Lecture 4. Optimization-based Meta Learning (MAML)

Lecture 4. Optimization-based Meta Learning (MAML)#

Organization: 가짜연구소 (Pseudo Lab)
Editor: 이홍규
강의 자료: CS330 2020 Fall
강의 영상: Youtube

알고리즘 오버뷰#

Optimization-based Meta Learning의 알고리즘은 다음과 같이 정의할 수 있습니다.

해당 태스크의 support set \((\mathbf x_i^\text{spt}, y_i^\text{spt})\)을 gradient descent 시킴으로써 task-specific parameter vector \(\phi_i\)를 얻는다.

\[ \Large \phi_i \leftarrow \theta - \alpha \times \nabla_\theta \mathcal{L}\left(y_i^\text{spt}, f(\mathbf x_i^\text{spt}; \theta)\right) \]

\[\begin{split} \alpha : \text{Update rate} \\ \mathcal L : \text{Loss function}\\ (\mathbf x^\text{spt}, \mathbf y^\text{spt}) : \text{Support set} \end{split}\]

그렇게 얻은 task-specific parameter를 통해 본격적으로 쿼리셋(\(\mathbf x^\text{qry}\))에 대한 inference를 수행한다.

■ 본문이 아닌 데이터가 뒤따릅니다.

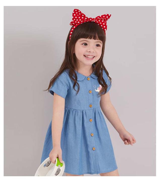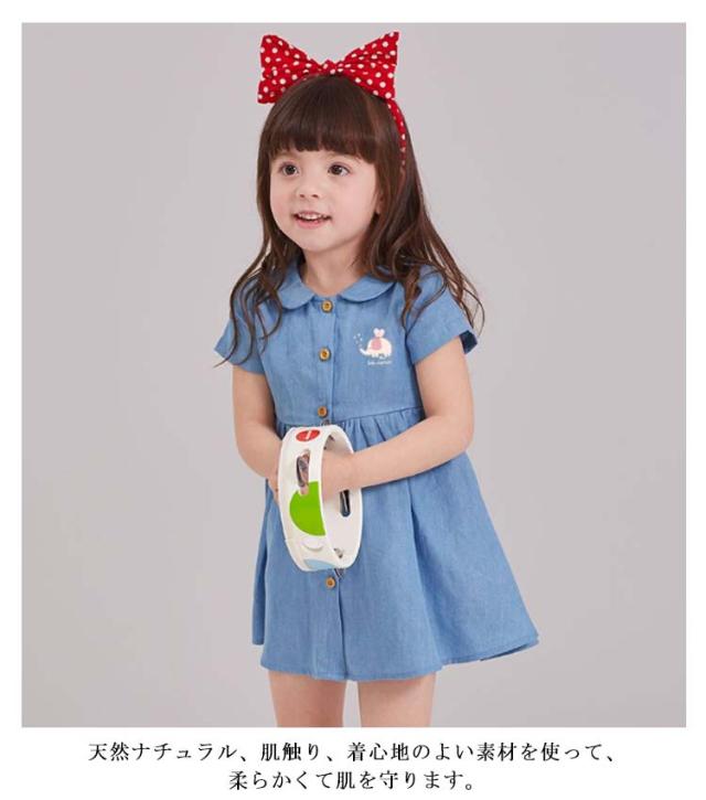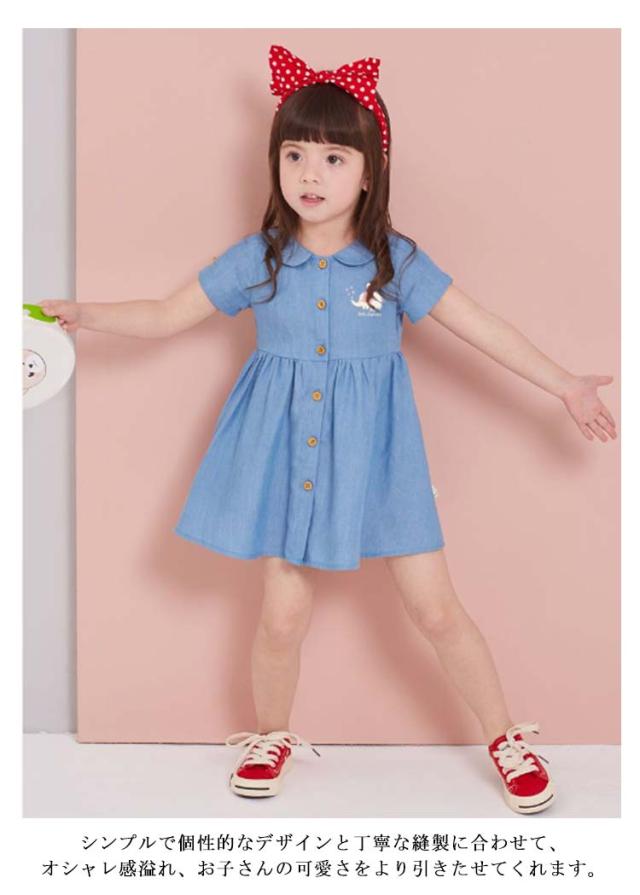 キッズ デニム ワンピース 半袖 子供服 女の子 春夏 ワンピース 綿 かわいい 襟付き 膝上丈 デニムワンピ おしゃれ 可愛い 幼稚園 保育園 通学 旅行 お出かけ 誕生日 結婚式 韓国子供服

\[ \Large \theta^*\leftarrow \theta - \beta \times \nabla_\theta \mathcal L(\mathbf y_i^\text{qry}, f(\mathbf x_i^\text{qry};~\phi_i)) \]

\[\begin{split} \beta : \text{Meta-learning rate} \\ \mathcal L : \text{Loss function}\\ (\mathbf x^\text{qry}, \mathbf y^\text{qry}) : \text{Query set}\\ \theta^* : \text{Updated theta} \end{split}\]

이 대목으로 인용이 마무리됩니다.